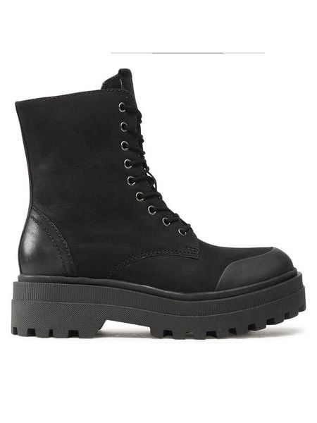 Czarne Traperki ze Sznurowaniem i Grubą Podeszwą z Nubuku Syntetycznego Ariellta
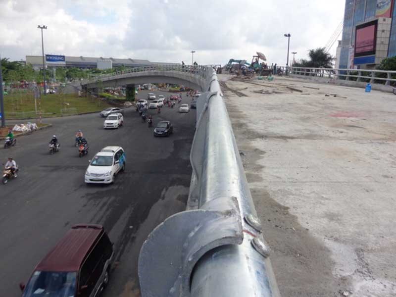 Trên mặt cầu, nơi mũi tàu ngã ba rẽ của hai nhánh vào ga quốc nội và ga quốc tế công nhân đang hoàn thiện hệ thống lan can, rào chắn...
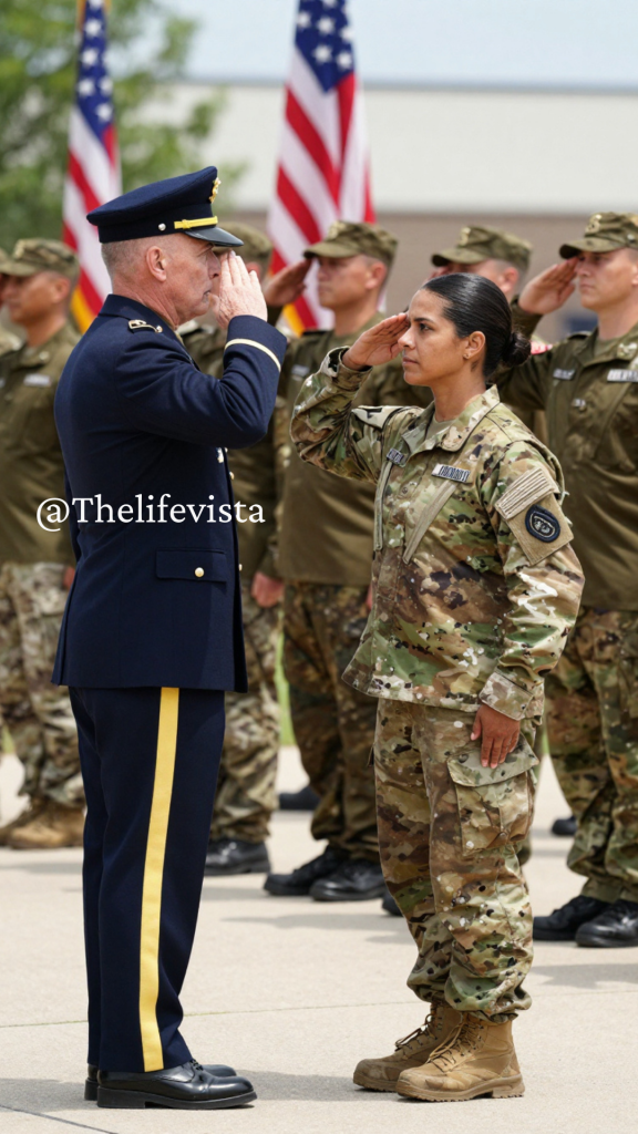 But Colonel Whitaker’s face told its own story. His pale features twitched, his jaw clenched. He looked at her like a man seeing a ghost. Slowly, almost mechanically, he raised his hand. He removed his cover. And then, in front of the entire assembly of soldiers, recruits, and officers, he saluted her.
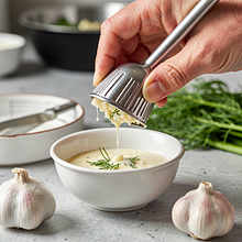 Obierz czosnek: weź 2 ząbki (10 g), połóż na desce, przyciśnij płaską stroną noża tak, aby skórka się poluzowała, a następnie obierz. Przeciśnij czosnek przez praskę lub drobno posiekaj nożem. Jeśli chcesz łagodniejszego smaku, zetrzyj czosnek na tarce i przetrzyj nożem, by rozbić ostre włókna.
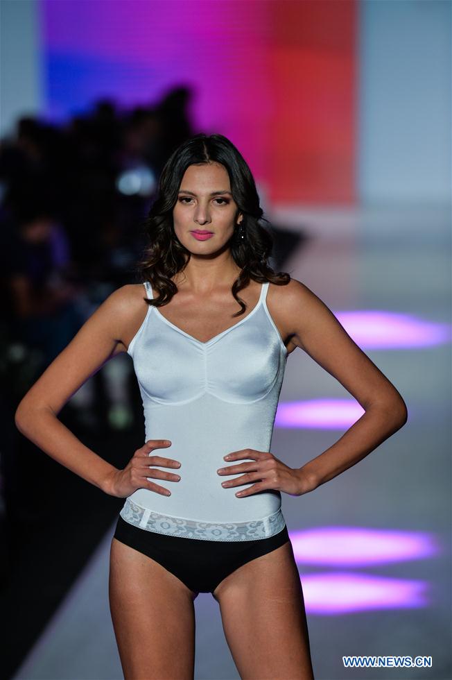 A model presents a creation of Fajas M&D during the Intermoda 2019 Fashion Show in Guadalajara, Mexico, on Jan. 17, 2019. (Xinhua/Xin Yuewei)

===============

Take every entry above and transcribe it exactly, with no pictures in the copy.

RESULT FOR THIS TASK ::
 Czarne Traperki ze Sznurowaniem i Grubą Podeszwą z Nubuku Syntetycznego Ariellta
 Trên mặt cầu, nơi mũi tàu ngã ba rẽ của hai nhánh vào ga quốc nội và ga quốc tế công nhân đang hoàn thiện hệ thống lan can, rào chắn...
 But Colonel Whitaker’s face told its own story. His pale features twitched, his jaw clenched. He looked at her like a man seeing a ghost. Slowly, almost mechanically, he raised his hand. He removed his cover. And then, in front of the entire assembly of soldiers, recruits, and officers, he saluted her.
 Obierz czosnek: weź 2 ząbki (10 g), połóż na desce, przyciśnij płaską stroną noża tak, aby skórka się poluzowała, a następnie obierz. Przeciśnij czosnek przez praskę lub drobno posiekaj nożem. Jeśli chcesz łagodniejszego smaku, zetrzyj czosnek na tarce i przetrzyj nożem, by rozbić ostre włókna.
 A model presents a creation of Fajas M&D during the Intermoda 2019 Fashion Show in Guadalajara, Mexico, on Jan. 17, 2019. (Xinhua/Xin Yuewei)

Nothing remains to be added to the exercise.